**Aim of the exercise**
All pictures should be dropped, and only the lines from the top of the entries below through the line containing "Dokumentasi Kegiatan Senam" repeated exactly, both ends included.

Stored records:

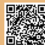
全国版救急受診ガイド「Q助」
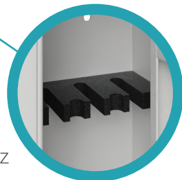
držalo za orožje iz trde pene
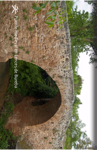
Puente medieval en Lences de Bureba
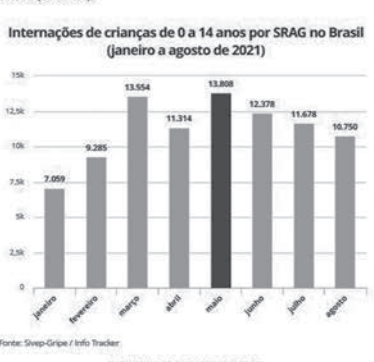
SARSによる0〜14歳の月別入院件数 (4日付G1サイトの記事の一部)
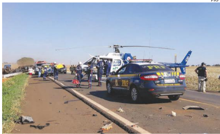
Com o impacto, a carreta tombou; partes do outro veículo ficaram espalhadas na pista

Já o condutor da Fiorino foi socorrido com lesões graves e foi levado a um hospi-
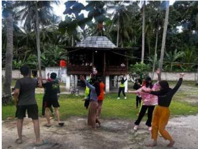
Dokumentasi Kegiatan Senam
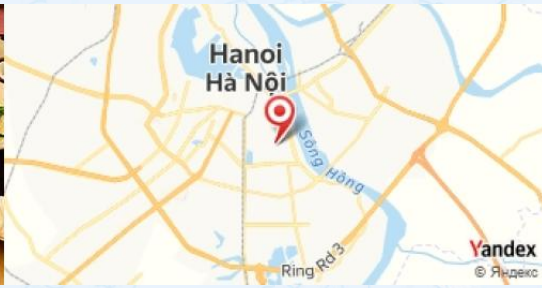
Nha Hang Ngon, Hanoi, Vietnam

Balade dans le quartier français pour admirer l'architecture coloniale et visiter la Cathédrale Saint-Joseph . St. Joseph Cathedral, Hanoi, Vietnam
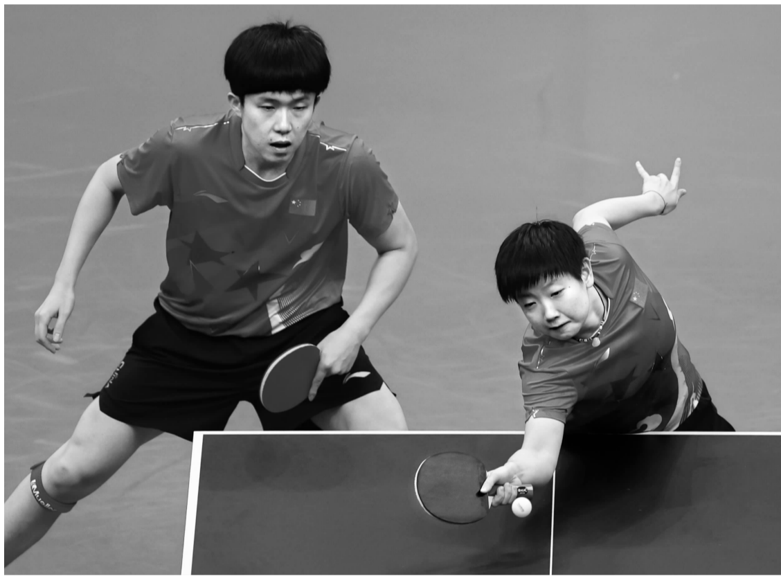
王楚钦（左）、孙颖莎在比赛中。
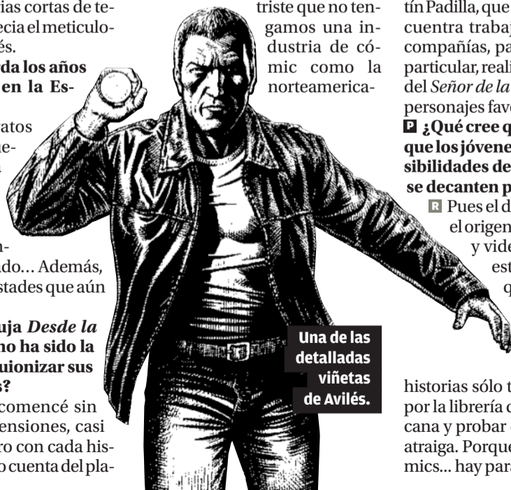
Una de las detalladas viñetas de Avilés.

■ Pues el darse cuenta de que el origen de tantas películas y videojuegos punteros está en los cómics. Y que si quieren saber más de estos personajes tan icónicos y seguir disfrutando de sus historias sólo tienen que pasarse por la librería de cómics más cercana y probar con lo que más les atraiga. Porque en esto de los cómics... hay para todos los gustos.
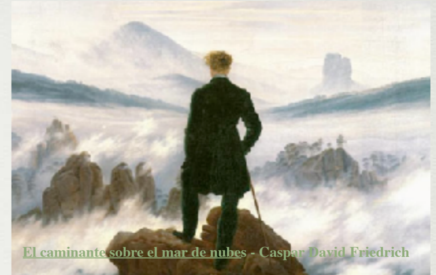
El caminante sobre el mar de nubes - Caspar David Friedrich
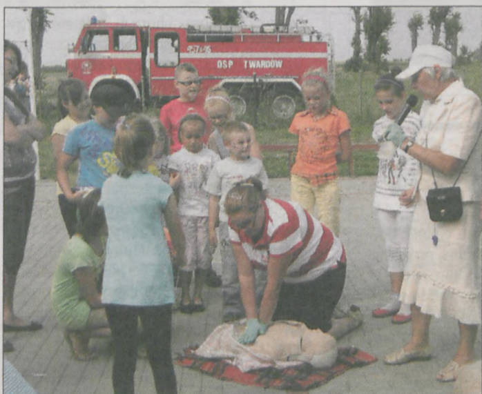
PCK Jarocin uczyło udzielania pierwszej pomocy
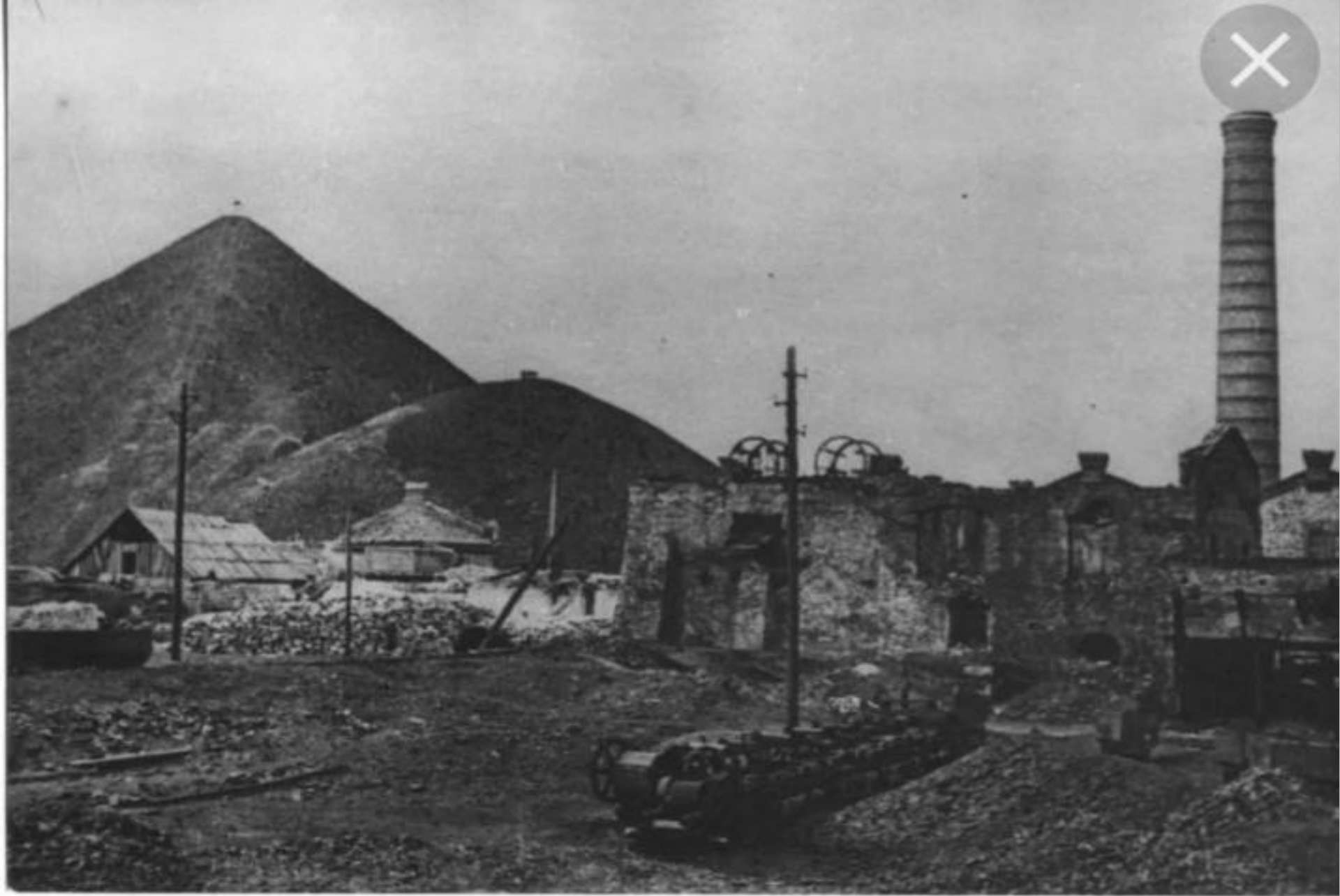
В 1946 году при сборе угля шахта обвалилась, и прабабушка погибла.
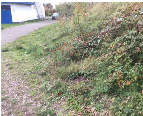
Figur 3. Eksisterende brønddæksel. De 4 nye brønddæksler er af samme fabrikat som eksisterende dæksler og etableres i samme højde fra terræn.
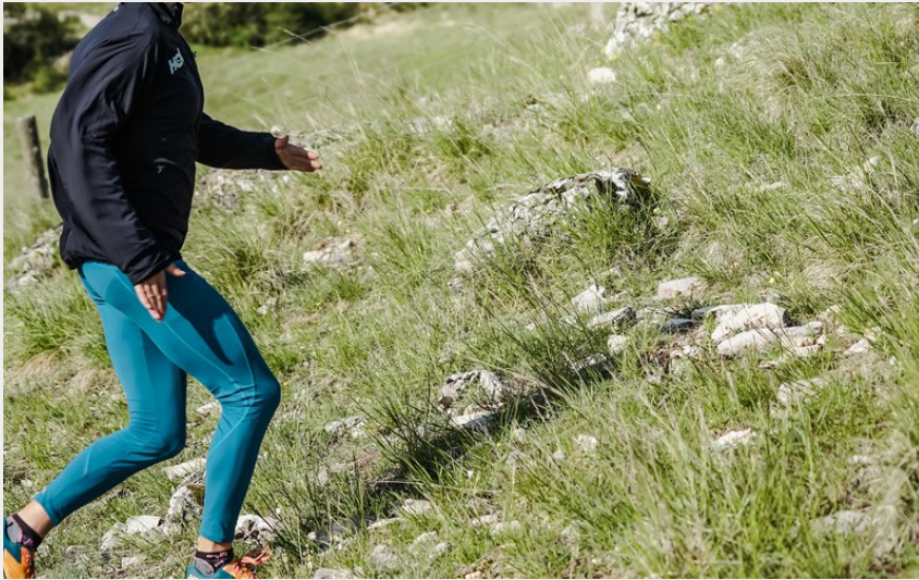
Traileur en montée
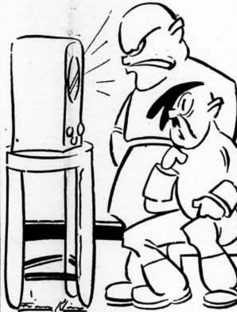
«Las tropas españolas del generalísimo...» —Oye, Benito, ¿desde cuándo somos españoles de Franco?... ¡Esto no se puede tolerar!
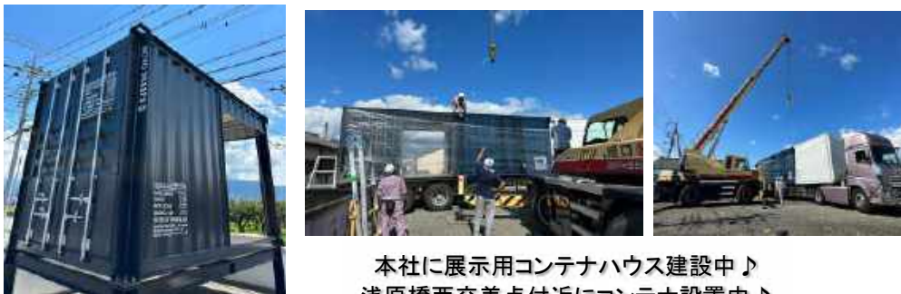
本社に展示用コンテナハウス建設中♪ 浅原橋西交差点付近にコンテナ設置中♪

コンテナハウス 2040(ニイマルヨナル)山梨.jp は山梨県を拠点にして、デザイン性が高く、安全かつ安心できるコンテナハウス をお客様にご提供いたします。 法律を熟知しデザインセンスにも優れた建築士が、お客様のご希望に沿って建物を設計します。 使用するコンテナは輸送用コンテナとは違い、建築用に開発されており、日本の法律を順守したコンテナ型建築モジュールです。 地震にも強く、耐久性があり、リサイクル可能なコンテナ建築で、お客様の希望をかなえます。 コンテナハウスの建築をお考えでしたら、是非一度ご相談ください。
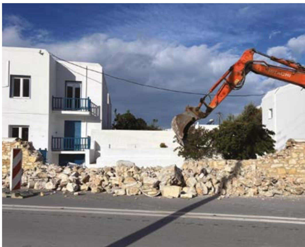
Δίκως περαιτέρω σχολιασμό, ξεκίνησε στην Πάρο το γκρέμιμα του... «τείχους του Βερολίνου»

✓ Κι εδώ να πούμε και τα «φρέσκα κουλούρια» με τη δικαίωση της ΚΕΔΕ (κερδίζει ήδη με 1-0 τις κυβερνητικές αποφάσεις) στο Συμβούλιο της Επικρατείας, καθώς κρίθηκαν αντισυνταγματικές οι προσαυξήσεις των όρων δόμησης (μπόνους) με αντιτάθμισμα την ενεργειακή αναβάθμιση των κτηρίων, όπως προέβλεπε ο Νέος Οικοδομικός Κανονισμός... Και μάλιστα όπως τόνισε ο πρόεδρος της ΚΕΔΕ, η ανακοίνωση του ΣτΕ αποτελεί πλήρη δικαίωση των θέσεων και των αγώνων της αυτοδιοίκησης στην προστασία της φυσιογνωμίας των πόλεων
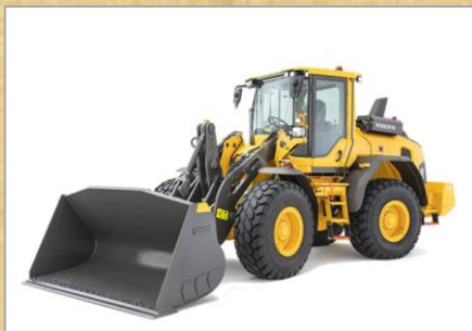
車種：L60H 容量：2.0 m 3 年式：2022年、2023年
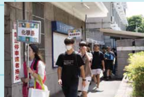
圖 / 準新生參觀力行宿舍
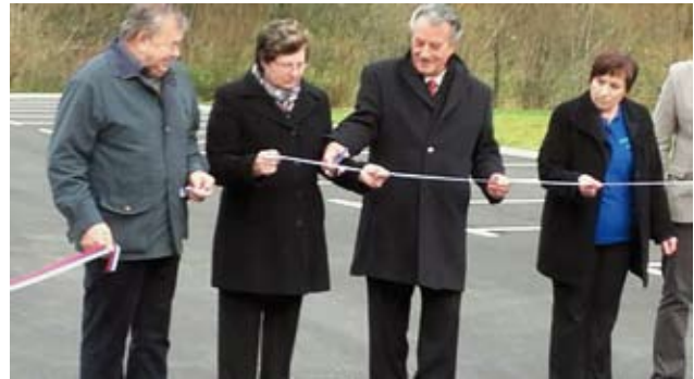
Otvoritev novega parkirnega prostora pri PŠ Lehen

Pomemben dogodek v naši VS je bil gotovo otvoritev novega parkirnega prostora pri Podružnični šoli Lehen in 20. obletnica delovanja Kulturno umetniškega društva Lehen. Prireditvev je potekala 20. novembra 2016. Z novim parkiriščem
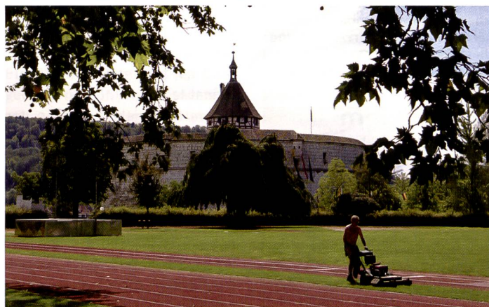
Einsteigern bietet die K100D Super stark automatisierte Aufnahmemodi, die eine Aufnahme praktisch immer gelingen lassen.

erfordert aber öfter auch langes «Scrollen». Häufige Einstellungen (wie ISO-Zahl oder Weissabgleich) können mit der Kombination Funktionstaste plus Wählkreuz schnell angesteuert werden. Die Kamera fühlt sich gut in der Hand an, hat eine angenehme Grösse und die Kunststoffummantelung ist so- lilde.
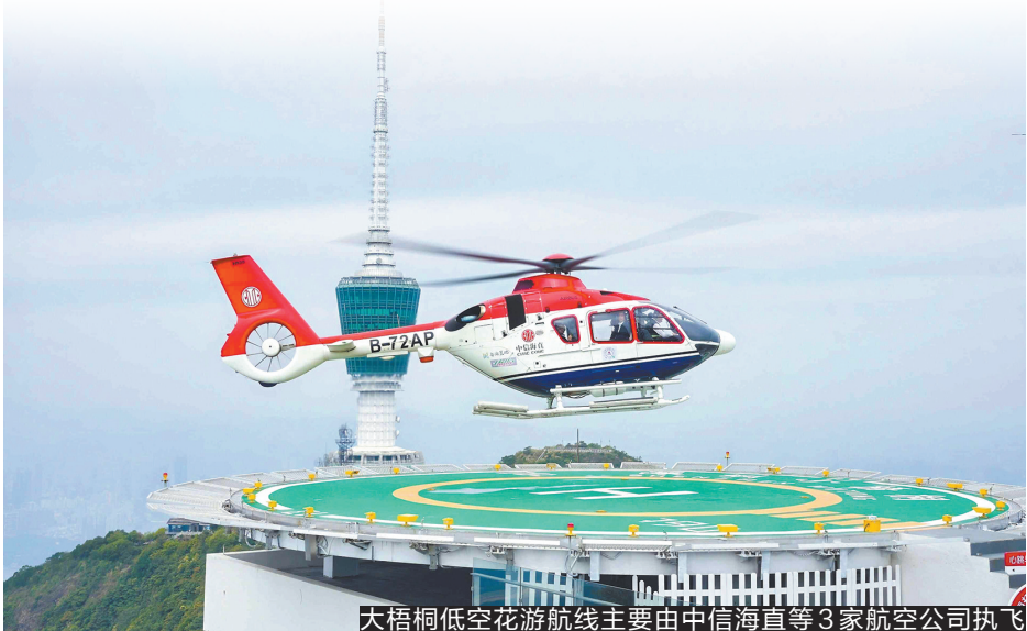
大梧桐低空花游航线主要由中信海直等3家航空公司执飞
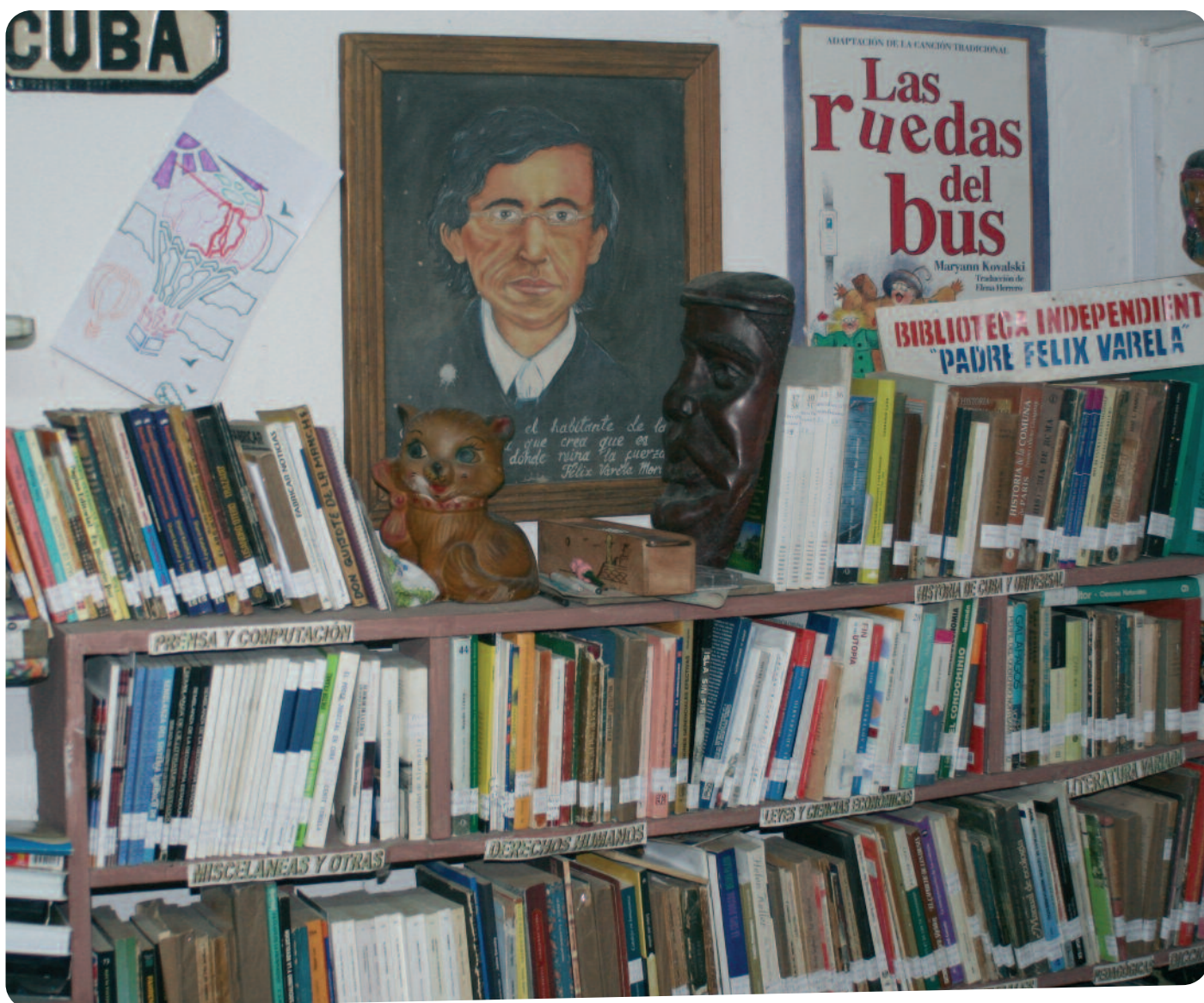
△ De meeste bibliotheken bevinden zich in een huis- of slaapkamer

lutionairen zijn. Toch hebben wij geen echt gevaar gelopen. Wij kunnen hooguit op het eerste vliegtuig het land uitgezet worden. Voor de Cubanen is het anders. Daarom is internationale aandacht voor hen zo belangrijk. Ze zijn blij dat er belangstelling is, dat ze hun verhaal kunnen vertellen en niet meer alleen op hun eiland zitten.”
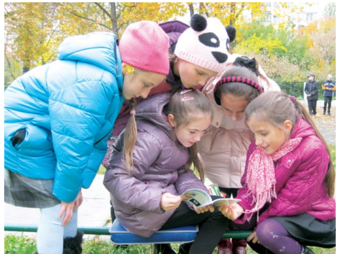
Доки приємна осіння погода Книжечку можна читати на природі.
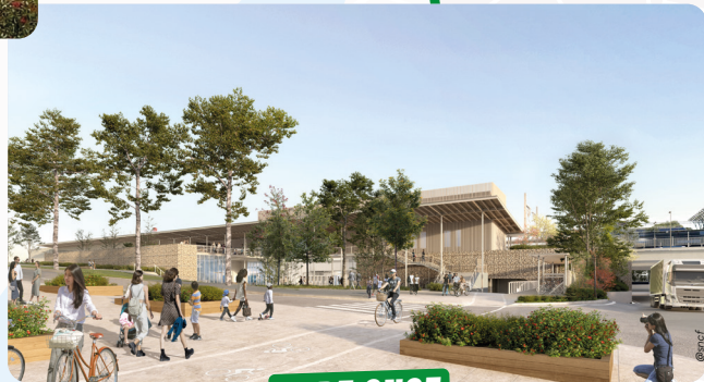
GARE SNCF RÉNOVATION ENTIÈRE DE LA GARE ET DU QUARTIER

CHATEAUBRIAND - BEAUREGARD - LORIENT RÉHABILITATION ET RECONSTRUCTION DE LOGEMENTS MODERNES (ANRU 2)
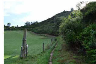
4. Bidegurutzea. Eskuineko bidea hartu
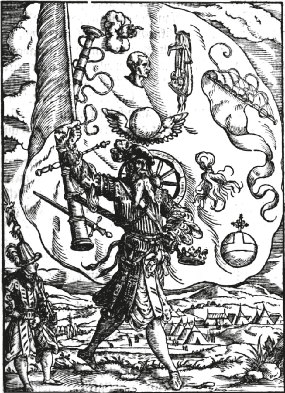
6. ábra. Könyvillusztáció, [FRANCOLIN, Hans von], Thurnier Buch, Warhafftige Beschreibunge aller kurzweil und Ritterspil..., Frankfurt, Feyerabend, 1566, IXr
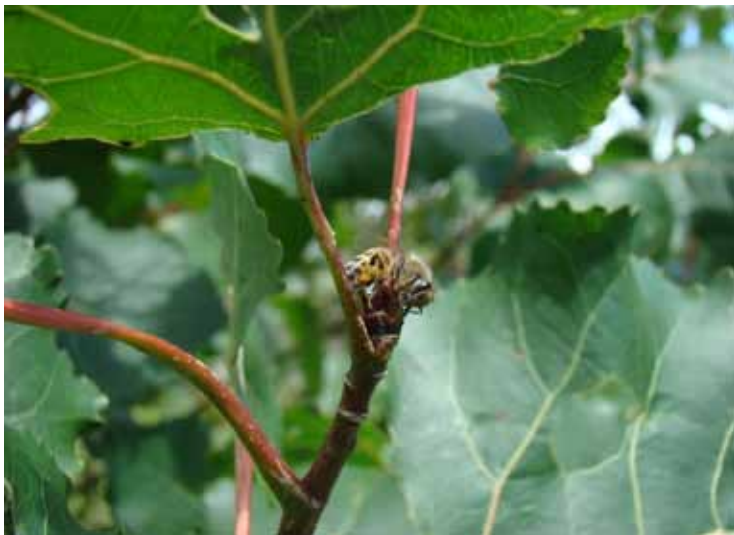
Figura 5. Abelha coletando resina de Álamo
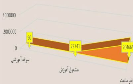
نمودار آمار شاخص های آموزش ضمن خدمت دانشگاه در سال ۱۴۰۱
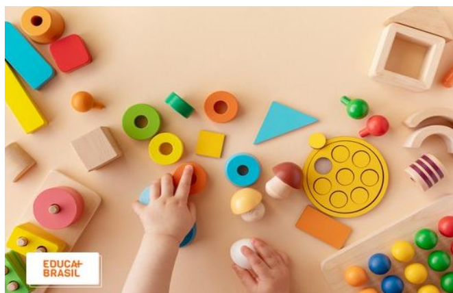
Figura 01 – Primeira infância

**Answer space**
全国版救急受診ガイド「Q助」
držalo za orožje iz trde pene
Puente medieval en Lences de Bureba
SARSによる0〜14歳の月別入院件数 (4日付G1サイトの記事の一部)
Com o impacto, a carreta tombou; partes do outro veículo ficaram espalhadas na pista

Já o condutor da Fiorino foi socorrido com lesões graves e foi levado a um hospi-
Dokumentasi Kegiatan Senam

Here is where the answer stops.